§ What is being asked
After locating the line with "水泵遥控开关380V数显遥控器缺相保护智能开关无线远程水泵遥控器", repeat it and every following line to the end of the listing, exactly. Omit the pictures.

§ Provided material
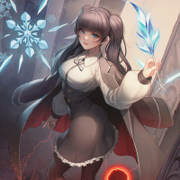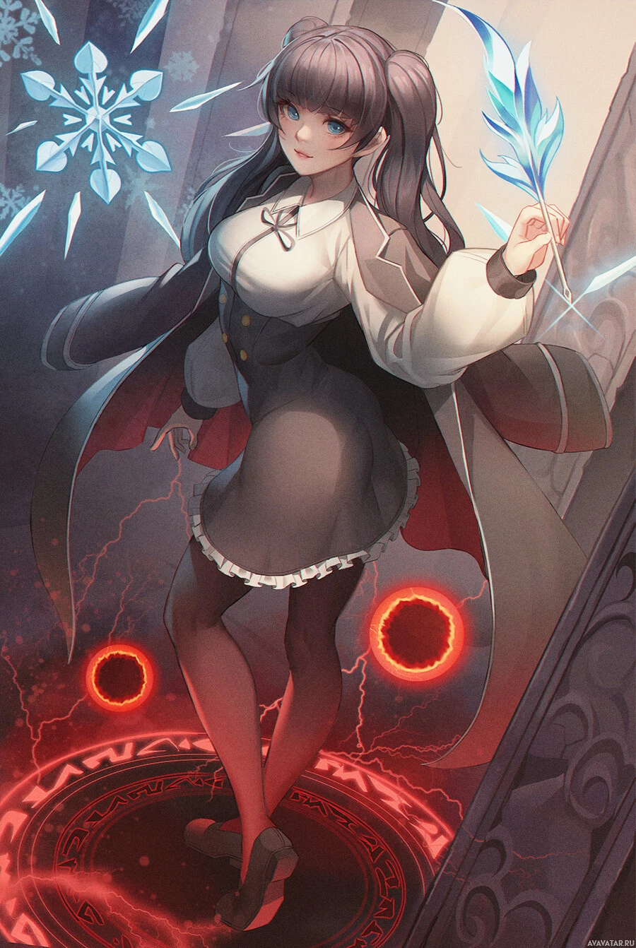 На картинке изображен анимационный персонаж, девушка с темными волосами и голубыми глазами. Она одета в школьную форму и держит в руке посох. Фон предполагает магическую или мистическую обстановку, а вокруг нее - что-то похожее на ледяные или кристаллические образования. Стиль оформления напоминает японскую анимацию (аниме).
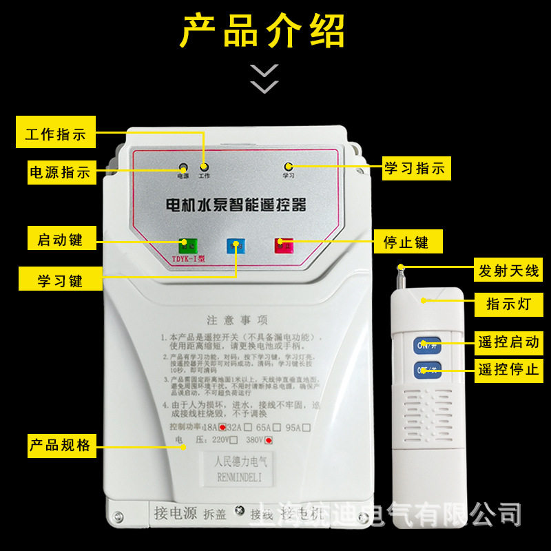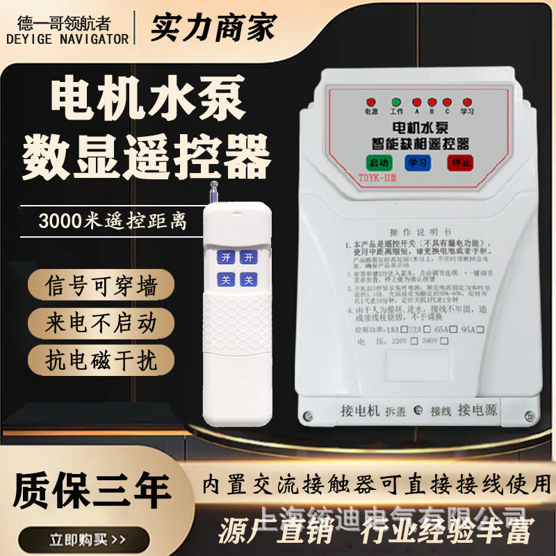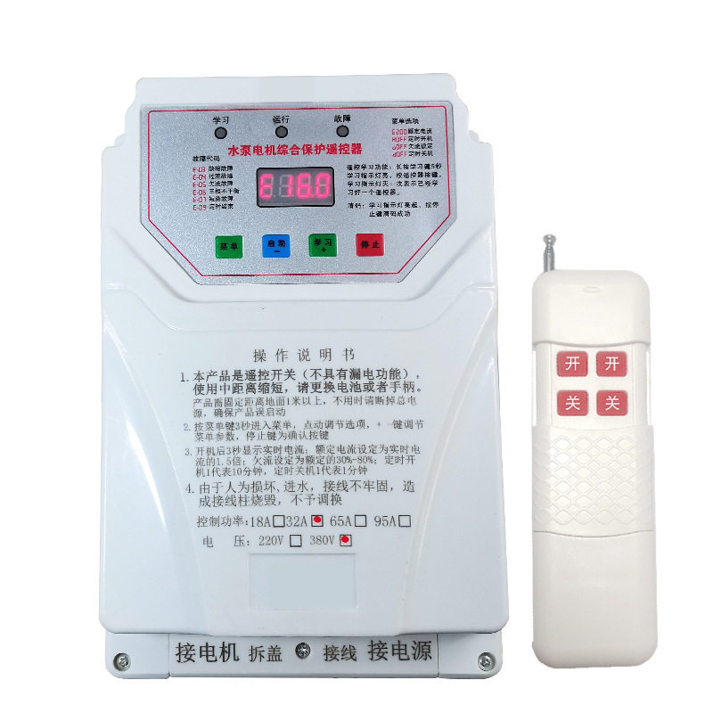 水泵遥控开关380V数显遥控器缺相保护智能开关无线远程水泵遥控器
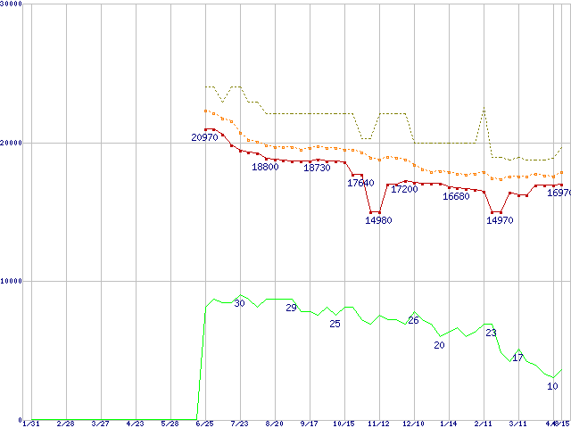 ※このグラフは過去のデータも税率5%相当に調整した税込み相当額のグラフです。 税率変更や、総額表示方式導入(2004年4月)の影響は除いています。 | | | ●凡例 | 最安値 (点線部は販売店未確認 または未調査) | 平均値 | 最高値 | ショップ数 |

§ Task output
 水泵遥控开关380V数显遥控器缺相保护智能开关无线远程水泵遥控器
 ※このグラフは過去のデータも税率5%相当に調整した税込み相当額のグラフです。 税率変更や、総額表示方式導入(2004年4月)の影響は除いています。 | | | ●凡例 | 最安値 (点線部は販売店未確認 または未調査) | 平均値 | 最高値 | ショップ数 |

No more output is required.